Secondary protein-calorie undernutrition occurs despite availability of a proper diet (slide
5). As noted previously, this can occur from basically three main mechanisms. Examples of
decreased intake include poor dentition, dysphagia, and systemic diseases that lead to poor
appetite. Dysphagia means difficult swallowing. Impairment of cranial nerve functions that control
swallowing, space occupying masses and mechanical injuries are all disorders that can lead to
dysphagia.
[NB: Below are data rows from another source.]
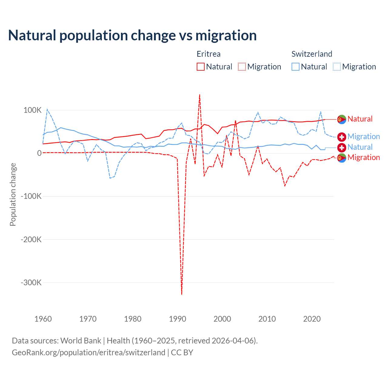 Over the last 10 years, 68.8% of the population change in Eritrea is from natural causes (a gain of 742,837 people) and 31.2% is from migration (a loss of 336,243 people). In Switzerland 21.6% is from natural causes (a gain of 165,354 people) and 78.4% is from migration (a gain of 600,145 people).
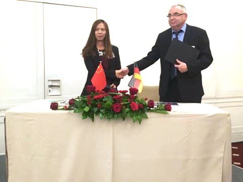 王妍與德企簽訂合作協(xié)議。
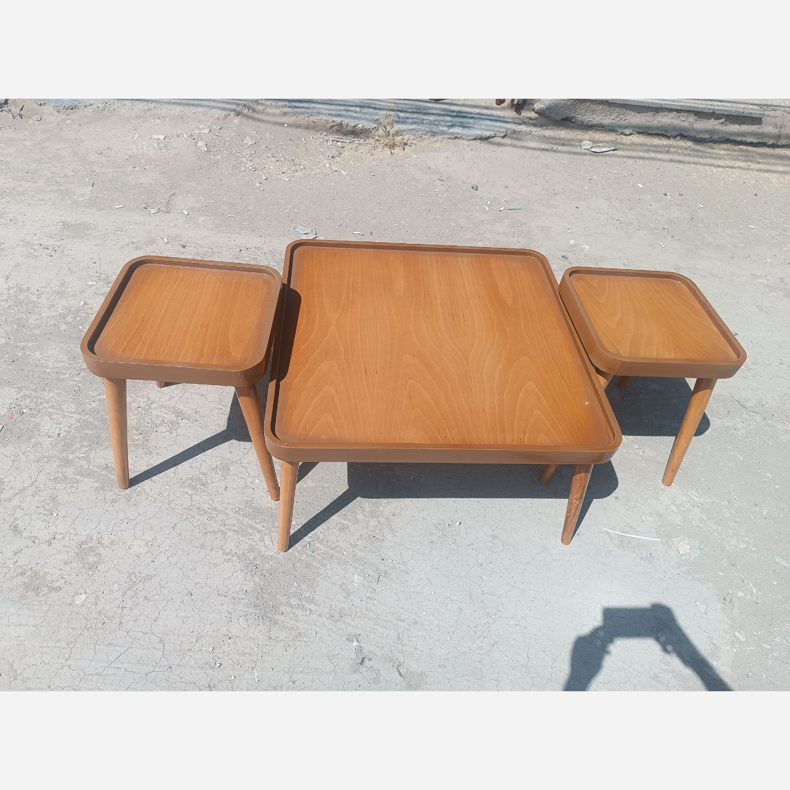میز سوبل مربع با 3عسلی چوب روس صفحه ام دی اف روکش چوب رنگ طبق عکس ارسالی

In horses, dysphagia and starvation are the cause of death in a disease known as
nigropallidalencephalomalacia. This disease is due to ingestion of plants (Russian knapweed and
yellow star thistle) that damage the brain. Cancer, as well as various cancer treatments, suppresses
appetite often leading to a catabolic (wasting) state or cachexia. The inability to absorb nutrients
(malabsorption) or faulty utilization of nutrients absorbed from the gut is another fairly common
cause of secondary protein-calorie undernutrition. A variety of underlying disease states can lead to
malabsorption or inadequate utilization of nutrients. Inflammatory diseases of the bowel,
hepatobiliary and pancreatic disease and intestinal parasitism are exemplary. Lastly are the factors
that increase requirements for nutrients. The requirements for growth in the young differ from
adult maintenance. Pregnancy and lactation increase the overall requirements for protein and
energy. In lecture 8, ruminant ketosis was mentioned. In high producing dairy cows, the demands of
lactation and late term pregnancy create a condition of negative energy balance. The affected cows
lose body weight accompanied by a drop in milk production. Eventually, the lower body weight and
decreased milk production re-establish a new equilibrium with available energy but by this time
there is a loss of production.
Yes, starvation or protein-calorie undernutrition does occur in animals (slide 6). In domestic
animals, the possible implications are allegations of animal neglect or animal cruelty. At the
diagnostic laboratory and certainly in clinical practice, disease diagnosticians and practicing
veterinarians are often called upon to determine whether or not starvation is primary or secondary;
usually a process of eliminating all possible secondary causes of malnutrition (slides 7 & 8).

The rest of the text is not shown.